Activity:
The material below holds the lines to copy: from the one with "That said, our" up to and including the one with "This design has". Copy them exactly and skip the pictures.

Supplied entries:
========
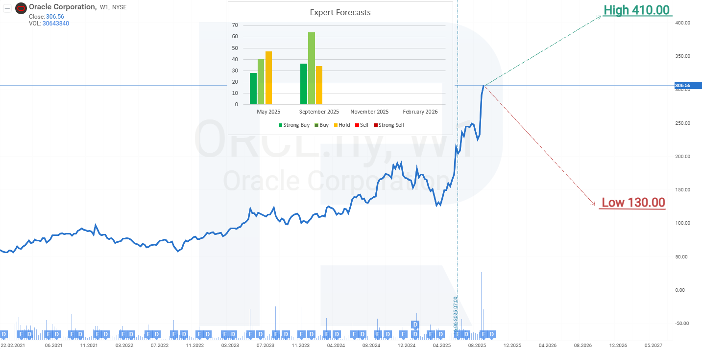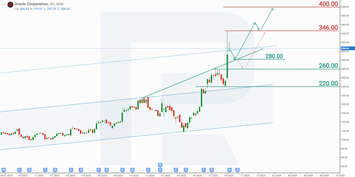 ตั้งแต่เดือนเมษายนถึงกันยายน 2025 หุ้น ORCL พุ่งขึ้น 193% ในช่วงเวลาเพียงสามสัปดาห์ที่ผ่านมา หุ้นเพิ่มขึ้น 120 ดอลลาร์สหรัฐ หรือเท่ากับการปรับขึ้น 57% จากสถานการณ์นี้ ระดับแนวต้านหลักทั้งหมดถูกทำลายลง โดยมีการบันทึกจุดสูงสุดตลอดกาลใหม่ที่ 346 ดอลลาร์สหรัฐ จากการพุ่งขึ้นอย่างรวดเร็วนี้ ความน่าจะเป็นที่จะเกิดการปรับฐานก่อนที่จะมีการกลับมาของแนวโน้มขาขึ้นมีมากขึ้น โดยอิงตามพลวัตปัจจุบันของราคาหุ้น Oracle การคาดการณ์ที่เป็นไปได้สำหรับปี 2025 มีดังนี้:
========
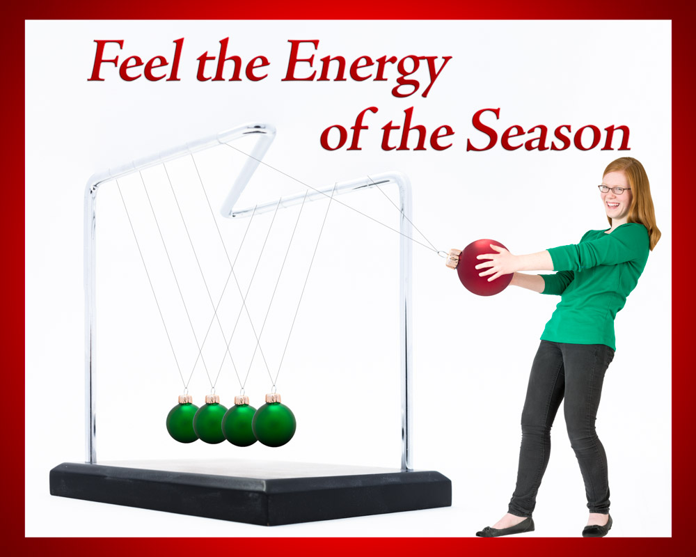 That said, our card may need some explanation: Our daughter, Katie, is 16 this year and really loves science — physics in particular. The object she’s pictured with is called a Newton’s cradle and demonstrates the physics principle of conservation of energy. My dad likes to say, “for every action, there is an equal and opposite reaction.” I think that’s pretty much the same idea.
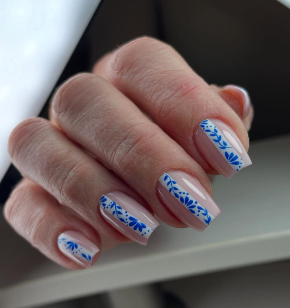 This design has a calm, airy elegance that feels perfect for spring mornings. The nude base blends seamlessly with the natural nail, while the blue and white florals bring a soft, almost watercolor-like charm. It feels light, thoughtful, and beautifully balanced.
========
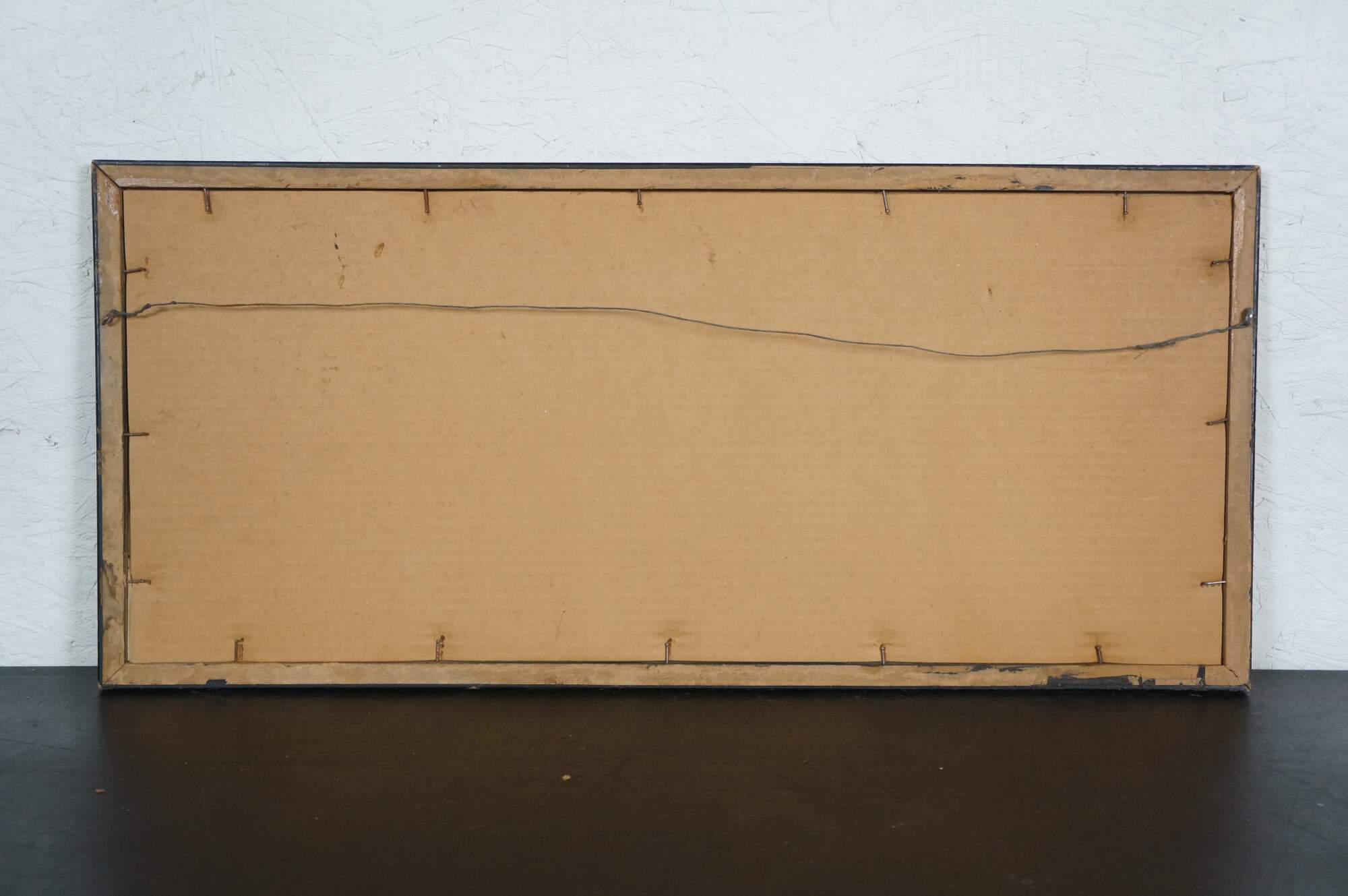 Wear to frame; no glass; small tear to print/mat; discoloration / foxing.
========
Solution for this problem:
 That said, our card may need some explanation: Our daughter, Katie, is 16 this year and really loves science — physics in particular. The object she’s pictured with is called a Newton’s cradle and demonstrates the physics principle of conservation of energy. My dad likes to say, “for every action, there is an equal and opposite reaction.” I think that’s pretty much the same idea.
 This design has a calm, airy elegance that feels perfect for spring mornings. The nude base blends seamlessly with the natural nail, while the blue and white florals bring a soft, almost watercolor-like charm. It feels light, thoughtful, and beautifully balanced.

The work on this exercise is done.